I would love to be a weaver. I have a loom that I play around with. For some reason I just can’t understand weaving terms or how a draft works. I know that epi is ends per inch but what do you do with that? I have a 20 dpi reed. It’s like everything I read is not English to me, it just doesn’t click. Is there a book or info anywhere to make this plain to me? Any help would be very greatly appreciated.


Hi Lori!

Your question will make most weavers smile and most weavers’ guilds greet you with warm hugs and lots of help. I can give you some simple answers but much of what you want to know will take more than just a book. Weavers spend many years learning the realities that weaving terms represent. Your sentence “I would love to be a weaver” is the first step in a long and rewarding journey.
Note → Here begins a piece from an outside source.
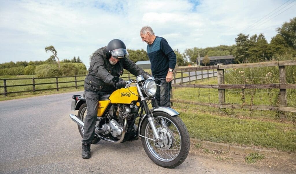 It was time for us to try the bike, and George advised not to change into top before 50, and added that the clutch was “a bit sharp…” So it proved to be, to my embarrassment. The bike fired up for George with a wonderful roar, first kick every time – “I never use the choke” – but when I mounted and went to move off, the Norton stalled. This happened three times, and it was no consolation to recall that editor James had recently suffered something similar, though with a much older machine.

To give you some simple answers: “Ends per inch” means the number of warp threads per inch in the piece you are weaving. The warp threads (the ends; why that word we do not know) are the vertical threads that are held under tension on the loom. Usually, the thicker the warp threads, the farther apart they need to be. Fine cotton threads are often placed at 24 ends per inch. Some wools might be as loosely sett (another weaving word) at 6 ends per inch. Therefore, if you had a reed with 12 dents (the slots the threads go through) per inch, you would put two ends of the fine cotton in each dent or one end of the wool in every other dent to achieve the desired density.

Beginning weavers

But your questions and all the information you need to know will go far beyond this. I know many weavers who are self-taught and most of them started with Deborah Chandler’s Learning to Weave. The first few pages answer the question What is a Weaver followed by a Weaving Vocabulary. Succeeding chapters give the steps for reading drafts, basic warping and weaving techniques, and how-to’s for several commonly used weave structures.

And, since you asked this question at, you may already know all the resources available on this site: other books besides Deborah’s and many, many videos that teach basic warping and weaving techniques.

Classes and workshops in weaving abound; you can search the internet for them. There is likely to be a weavers’ guild close enough for you to attend (look under Resources at the website for the Handweavers Guild of America to find one near you). Going to a guild meeting can be daunting, but when you stand up and introduce yourself and say you are looking for a weaving class, you will find yourself among many teachers and future friends.

Welcome to the adventure! There is one other little thing… Your 20 dents-per-inch reed is extremely fine. Most yarns are too thick to use in such small dents without abrasion. So, you will need other reeds. Your adventure is going to include many discoveries of other things you need. But you will love them all; weaving yarns and tools are wonderful in themselves.

I hope you ask other questions as they come up!